EBV is a relatively well studied organism; consequently we in the following rely on mapping of known protective epitopes derived from other herpesviruses as well as on literature data concerning relevance of potential target proteins for the viral life-cycle. We included these aspects in a Systems Biology approach to reach further insight into the pathogenicity mechanisms of EBV. The following sections specifically focus on these aspects.
Homology mapping of given B-cell epitopes
The aim of B-cell epitope prediction in vaccine design is to identify regions which should be targeted, or, equally important, avoided. The latter include, among others, immunodominant and/or highly variable regions which can act as decoy epitopes (diverting immune responses from more effective targets), and which may provide little cross-protection between isolates. Selected epitopes ideally confer to an area on the protein relevant for function. Antibodies targeted at such sites are referred to as neutralizing, although neutralization of a pathogen may also result from other effects as ADCC, being more dependent on antigen density on a surface rather than on a specific functional site.

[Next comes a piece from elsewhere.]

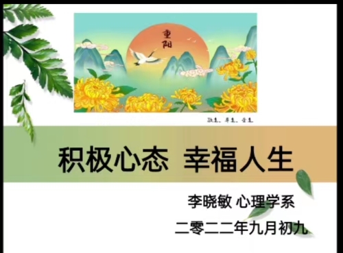 老党员摄影作品 “积极心态,幸福人生”健康知识大讲堂微课堂 重阳节来临之际,离退休党委开展“情暖重阳送健康”暖心行动,邀请心理学系主任李晓敏教授为大家录制了《积极心态,幸福人生》微课。李晓敏从心理学专业角度结合老同志健康实际,通过生动的案例分析,深入浅出的剖析阐述,举例子、打比喻,图文并茂地为大家奉献一场精彩的心理健康辅导,鼓励大家“眼要亮、嘴要甜、耳要听、心要宽、手要放”。老同志们非常喜欢,纷纷转发家庭群,与家人分享,共同培树阳光心态,健康幸福乐享人生。
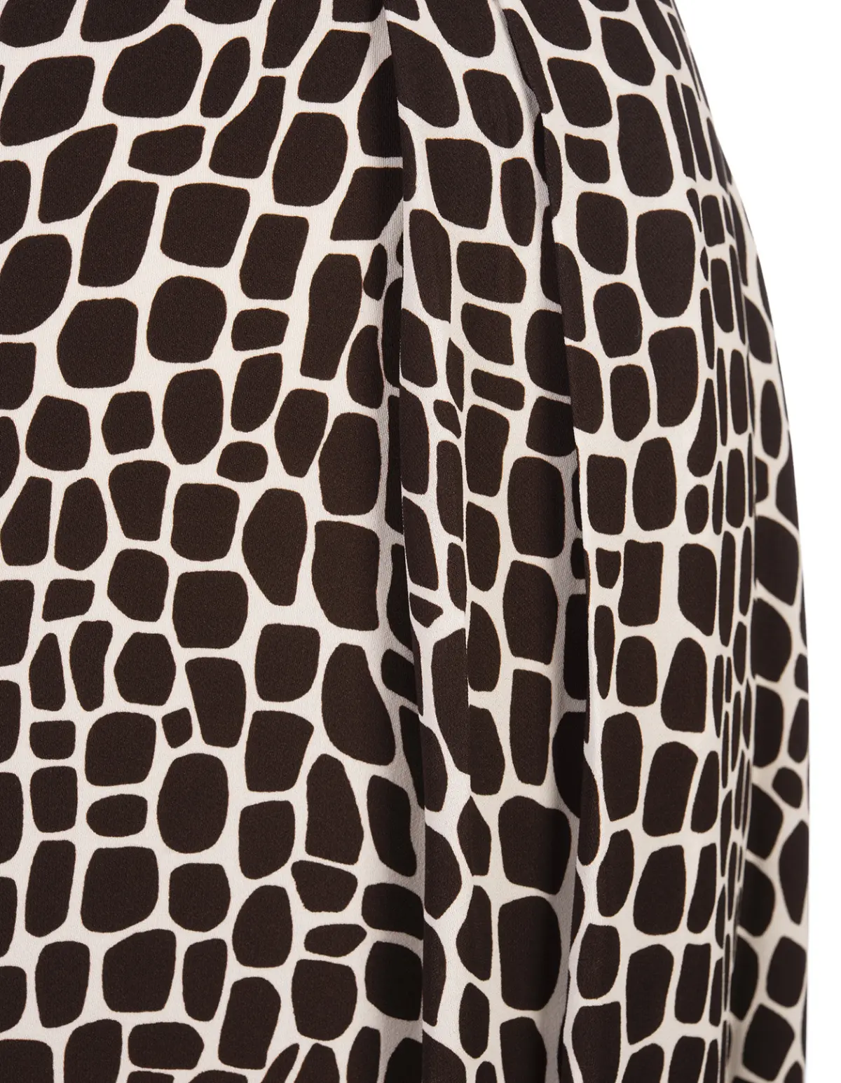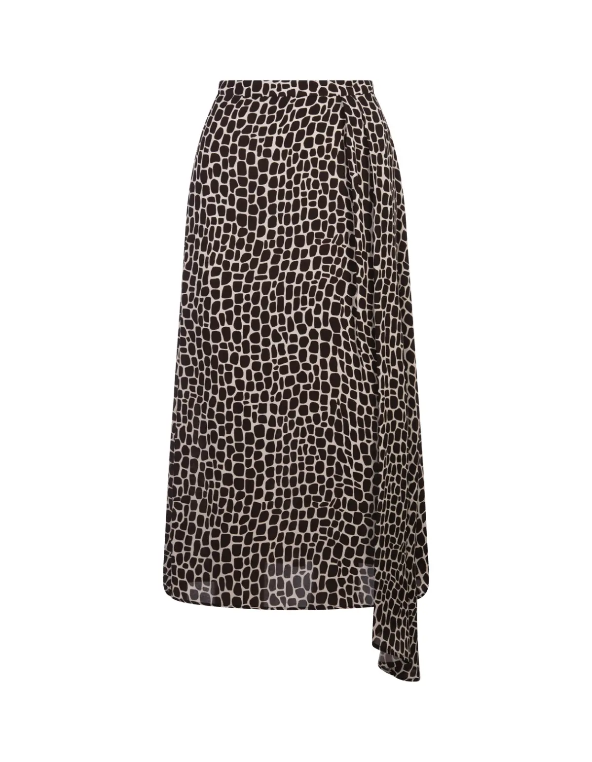 Юбка MSGM с коричневым анималистичным принтом под жирафа. Изделие из струящейся легкой вискозы с ассиметричным дизайном — прекрасный вариант для летних вечеров. Сочетайте с кроп-топами MSGM.

B-cell epitopes (antibody binding sites) are intrinsically less stringently defined than T-cell epitopes. Nevertheless, due to their relevance in immunology numerous in-silico methods for their prediction have been published. Many of these focus on the prediction of linear B-cell epitopes, some on discontinuous epitopes, and very few attempt to build models for neutralizing epitopes [6, 26]. The latter are usually considered ideal targets for vaccines, since the simple binding process may already lead to inactivation of the pathogen or key pathogenicity functionalities. Due to the scarcity of such prediction systems, the availability of utility data, and overall interest in neutralizing immune responses, we have equipped our B-cell epitope discovery workflow with an epitope homology mapping process. This process makes use of already known epitopes to discover new candidates by using information about experimentally validated epitopes and homology (or remote homology between proteins from the whole pathogen family).
The 31,844 Herpesviridae-associated sequences downloaded from the NCBI formed the basis for a protein homology network. Position specific iterated BLAST (PSI-BLAST)  was used to add edges (relations) between proteins based on their degree of homology. For each of the 31,844 sequences three iterations against the uniref90-database  were performed to generate a PSSM (position specific scoring matrix) which was used to perform a single BLAST search against the Herpesviridae sequence set. The resulting hits from the final BLAST search were considered as homologues of the initial query protein. For each resulting hit holding an expect value below 10-20an edge between query protein and hit protein was added to the graph. Additional information such as the alignment, expect-value and alignment score were stored as edge attributes. Applying this procedure for all 31,844 Herpesviridae-associated proteins resulted in a weighted, directed graph. This graph does not only connect obviously homologous proteins, but also allows inferring remote homologies.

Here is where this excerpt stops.